Microsoft's new dataset is called Microsoft MAchine Reading COmprehension.

Microsoft has released a set of 100,000 questions and answers which will allow scientists to create artificial intelligence (AI) systems that can answer queries as well as a human.

The dataset, called Microsoft MAchine Reading COmprehension (MS MARCO), is based on anonymised real-world data.

By making it broadly available to researchers, the team is hoping to spur the kind of breakthroughs in machine reading that are already happening in image and speech recognition.

They also hope to facilitate the kind of advances that may lead to the long-term goal of 'artificial general intelligence,' or machines that can think like humans.

"In order to move towards artificial general intelligence, we need to take a step towards being able to read a document and understand it as well as a person," said Rangan Majumder, a partner group programme manager with Microsoft's Bing search engine division who is leading the effort.

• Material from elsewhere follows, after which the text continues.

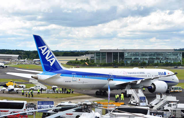 ファンボロー航空ショーで展示飛行を終えて地上展示する場所へ戻るANAの787-9=16年7月12日 PHOTO: Tadayuki YOSHIKAWA/Aviation Wire
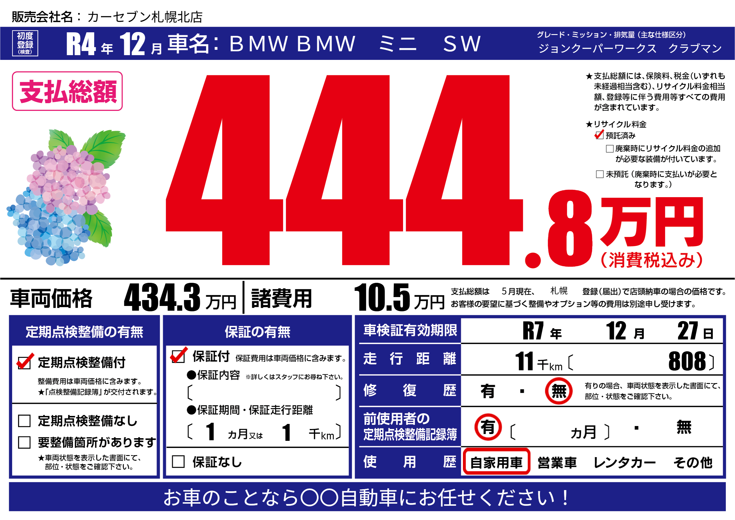 | 車名 | BMW BMW ミニ SW | グレード ミッション 排気量 |

Right now, systems to answer sophisticated questions are still in their infancy. Some can answer basic questions, like 'What day does Hanukkah start?' or 'What's 2,000 times 43?', said Majumder.

However, in many cases, search engines and virtual assistants will instead point the user to a set of search engine results.

Users can still get the information they need, but it requires culling through the results and finding the answer on the web page.

In order to make automated question-and-answer systems better, researchers need a strong source of what is called training data.

These datasets can be used to teach AI systems to recognise questions and formulate answers and eventually create systems that can come up with their own answers based on unique questions they have not seen before.